I can reproduce this error with a DataFrame of my own as well. Both LINQ style and stand-alone operators hang. ( all that I have tried so far )
I initially thought it might be due to some funky column types but when I converted
all columns to Vector{Any}
I got a completely different error on a query:
julia> df = DataFrame(a = Any[rand(5)...], b=Any[rand(5)...])
5×2 DataFrame
│ Row │ a │ b │
│ │ Any │ Any │
├─────┼───────────┼───────────┤
│ 1 │ 0.481095 │ 0.754002 │
│ 2 │ 0.986754 │ 0.65757 │
│ 3 │ 0.387108 │ 0.318604 │
│ 4 │ 0.0094196 │ 0.920775 │
│ 5 │ 0.283106 │ 0.0891282 │
julia> df |> @filter(_.a > 0.3) |> DataFrame
ERROR: UndefVarError: DataValueUnwrapper not defined
Stacktrace:
[1] DataFrame(::QueryOperators.EnumerableFilter{NamedTuple{(:a, :b),Tuple{DataValues.DataValue{Any},DataValues.DataValue{Any}}},QueryOperators.EnumerableIterable{NamedTuple{(:a, :b),Tuple{DataValues.DataValue{Any},DataValues.DataValue{Any}}},Tables.DataValueRowIterator{NamedTuple{(:a, :b),Tuple{DataValues.DataValue{Any},DataValues.DataValue{Any}}},Array{NamedTuple{(:a, :b),Tuple{Any,Any}},1}}},getfield(Main, Symbol("##38#40"))}) at /home/jonas/.julia/packages/DataFrames/z2XOB/src/other/tables.jl:27
[2] |>(::QueryOperators.EnumerableFilter{NamedTuple{(:a, :b),Tuple{DataValues.DataValue{Any},DataValues.DataValue{Any}}},QueryOperators.EnumerableIterable{NamedTuple{(:a, :b),Tuple{DataValues.DataValue{Any},DataValues.DataValue{Any}}},Tables.DataValueRowIterator{NamedTuple{(:a, :b),Tuple{DataValues.DataValue{Any},DataValues.DataValue{Any}}},Array{NamedTuple{(:a, :b),Tuple{Any,Any}},1}}},getfield(Main, Symbol("##38#40"))}, ::Type) at ./operators.jl:813
[3] top-level scope at none:0
EDIT: the same error shows up without converting to Vector{Any}
.
julia> df2 = DataFrame(a = rand(5), b=rand(5))
5×2 DataFrame
│ Row │ a │ b │
│ │ Float64 │ Float64 │
├─────┼──────────┼───────────┤
│ 1 │ 0.726983 │ 0.214645 │
│ 2 │ 0.201247 │ 0.848875 │
│ 3 │ 0.344053 │ 0.374592 │
│ 4 │ 0.367191 │ 0.710325 │
│ 5 │ 0.231486 │ 0.0913907 │
julia> df2 |> @filter(_.a > 0.3) |> DataFrame
ERROR: UndefVarError: DataValueUnwrapper not defined
Stacktrace:
[1] DataFrame(::QueryOperators.EnumerableFilter{NamedTuple{(:a, :b),Tuple{Float64,Float64}},QueryOperators.EnumerableIterable{NamedTuple{(:a, :b),Tuple{Float64,Float64}},Tables.DataValueRowIterator{NamedTuple{(:a, :b),Tuple{Float64,Float64}},Array{NamedTuple{(:a, :b),Tuple{Float64,Float64}},1}}},getfield(Main, Symbol("##66#68"))}) at /home/jonas/.julia/packages/DataFrames/z2XOB/src/other/tables.jl:27
[2] |>(::QueryOperators.EnumerableFilter{NamedTuple{(:a, :b),Tuple{Float64,Float64}},QueryOperators.EnumerableIterable{NamedTuple{(:a, :b),Tuple{Float64,Float64}},Tables.DataValueRowIterator{NamedTuple{(:a, :b),Tuple{Float64,Float64}},Array{NamedTuple{(:a, :b),Tuple{Float64,Float64}},1}}},getfield(Main, Symbol("##66#68"))}, ::Type) at ./operators.jl:813
[3] top-level scope at none:0
@JonasIsensee I think what you are seeing must be a different issue.

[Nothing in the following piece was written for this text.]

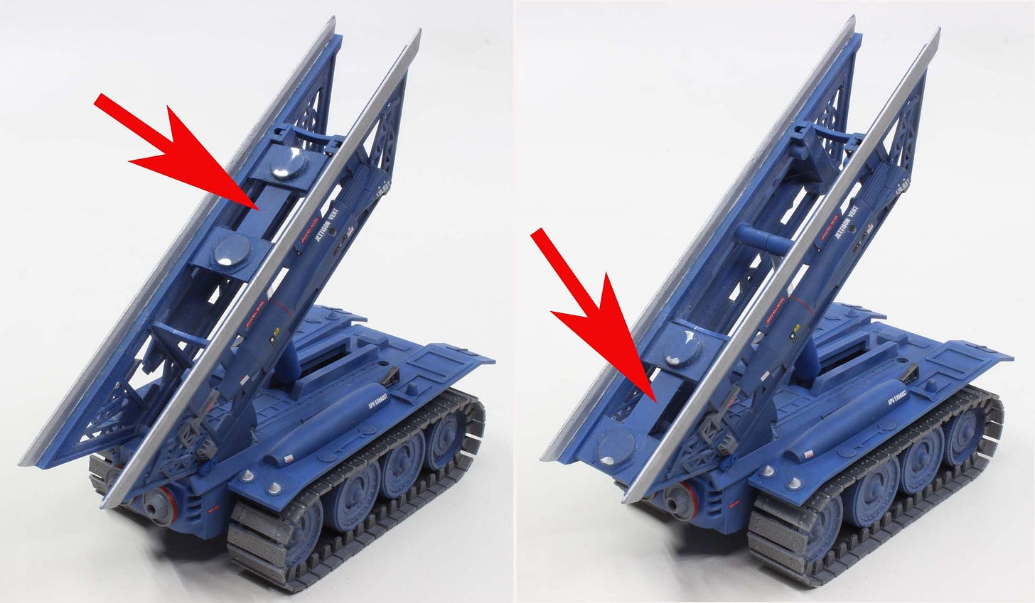 Below is the delivery caterpillar with the angled launch platform. I made a movable “sled” that has magnets on it that attaches to the yellow Mole cylinder that allows the mole to be positioned as desired. The kit had relegated itself to one position only. I decided it’d be more fun to have it be variable.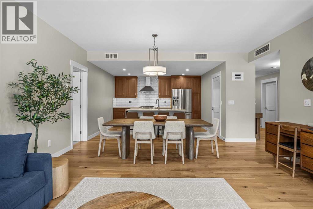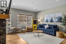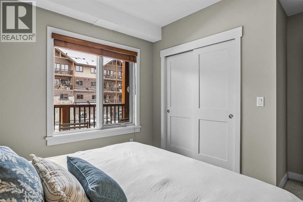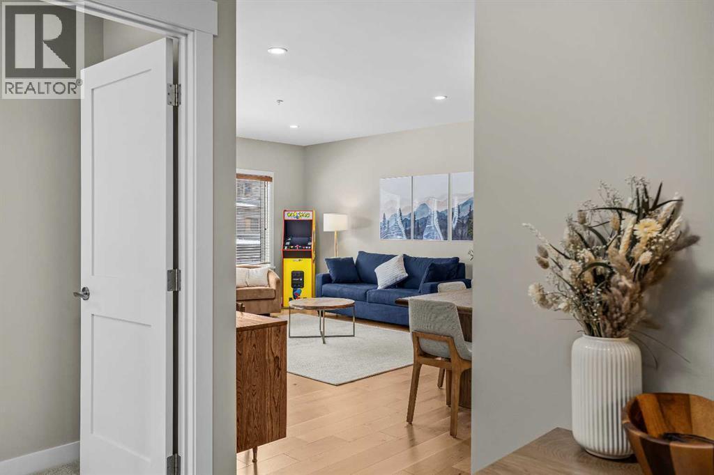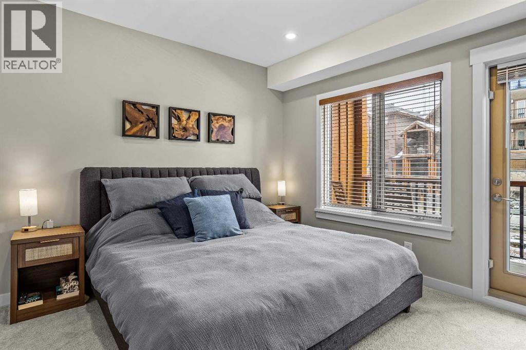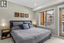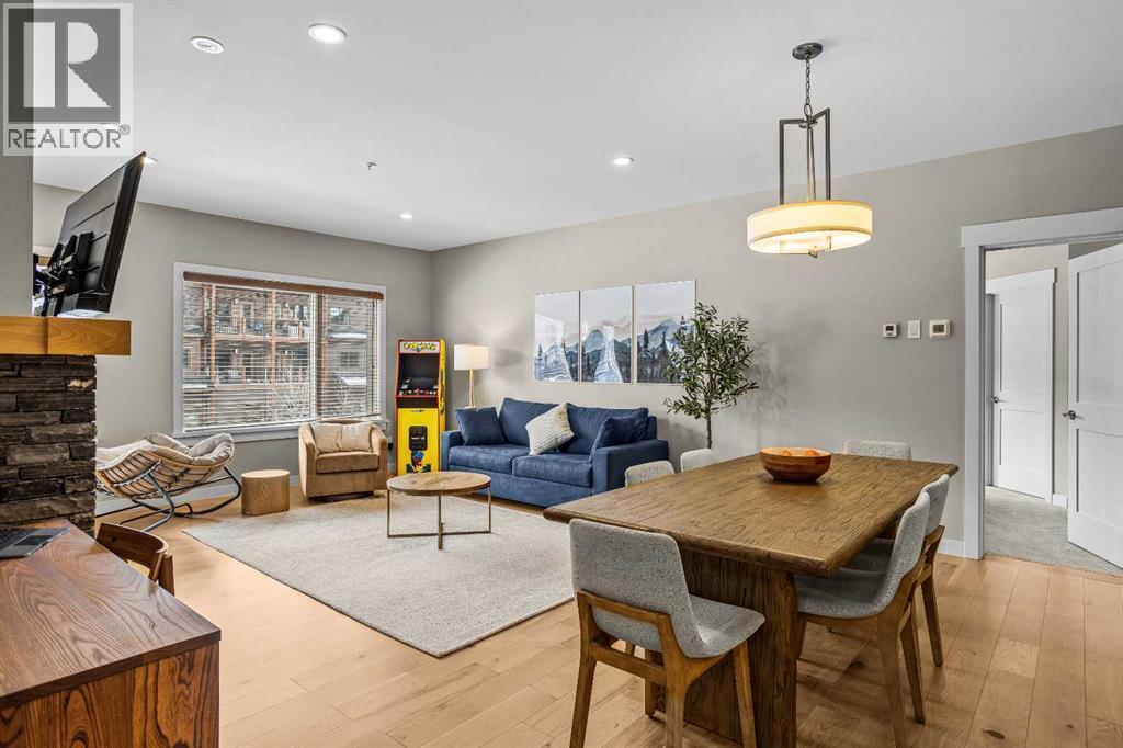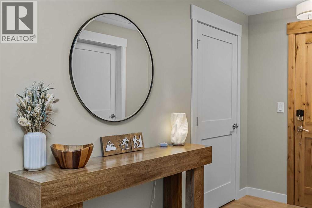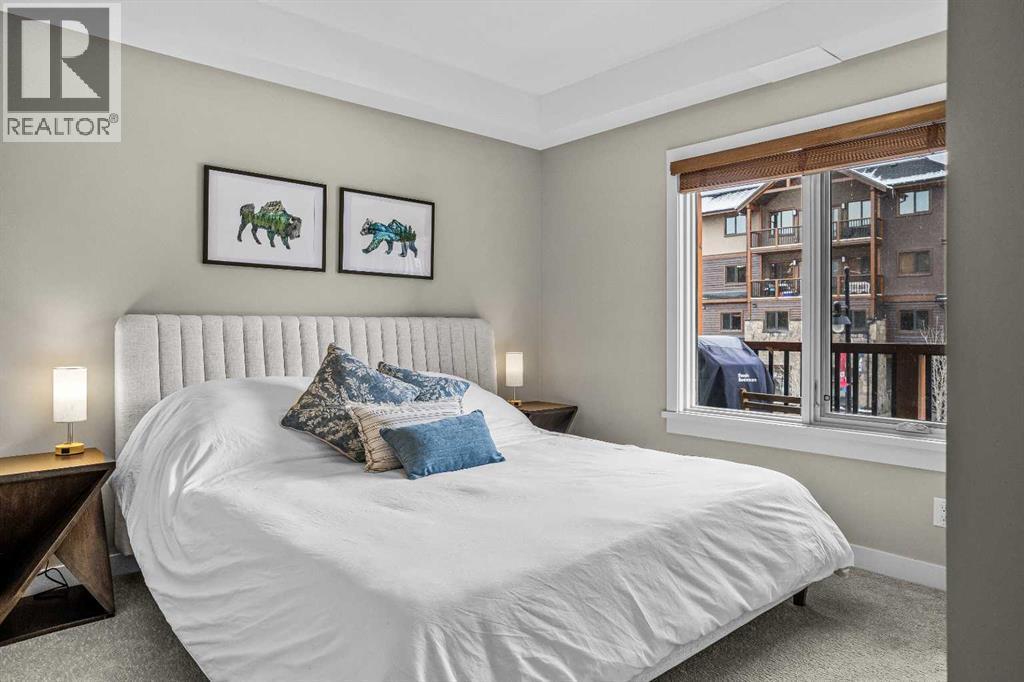 This exceptional 2-bedroom, 2-bath residence offers 1,250 sq ft of beautifully designed space in one of Canmore’s most desirable communities. Blending timeless elegance with modern comfort, it provides an unparalleled mountain lifestyle.Step into a bright, open-concept layout featuring hardwood floors and expansive windows that capture mountain views. The gourmet kitchen seamlessly connects to the dining and living areas, perfect for entertaining or relaxing.The spacious primary suite is a true sanctuary, complete with a private deck, walk-in closet, and a luxurious 5-piece ensuite featuring a soaking tub and glass-enclosed shower. The second bedroom is also generously sized, ideal for guests or a home office. A second deck extends your living space outdoors, perfect for morning coffee. Residents enjoy a fitness center, owner’s lounge, hot tub, and shared laundry facilities, all set within beautifully landscaped grounds. Whether for full-time living, a weekend escape, or an investment, this stunning home is a rare find in within the heart of Canmore. Walking distance to restaurants, coffee shops, Elevation Place, and many walking and biking trails. (id:6769)

What versions of packages are you using? I can't reproduce your latest code example.
julia v1.0.3
Query v0.11.0
DataFrames v0.16.0
Tables v0.1.15
TableTraits v0.4.1
QueryOperators v0.7.0
IterableTables v0.10.0
DataValues v0.4.7
There's got to be a better way to find these version numbers. Went through my Manifest by hand.
Anyway, another ] up
seems to have resolved that issue...
Converting all columns to Vector{Any}
works now.
Queries to the original DataFrame still cause julia to hang
and steadily increase memory allocation.
Hi, I have this issue in both 1.0.3 and 1.1.0 (I'm using Windows 10). I load a .dta file into a DataFrame and then try filtering it using @filter(_.) macro but it seems to get stuck until infinity unless i ctrl + c and force an exit. The same df works fine in 0.6.4 but loading the data takes much longer. I know that these are experimental functionalities, are they not available on Julia 1.*? @map seems to work fine for example (using on data loaded from CSV).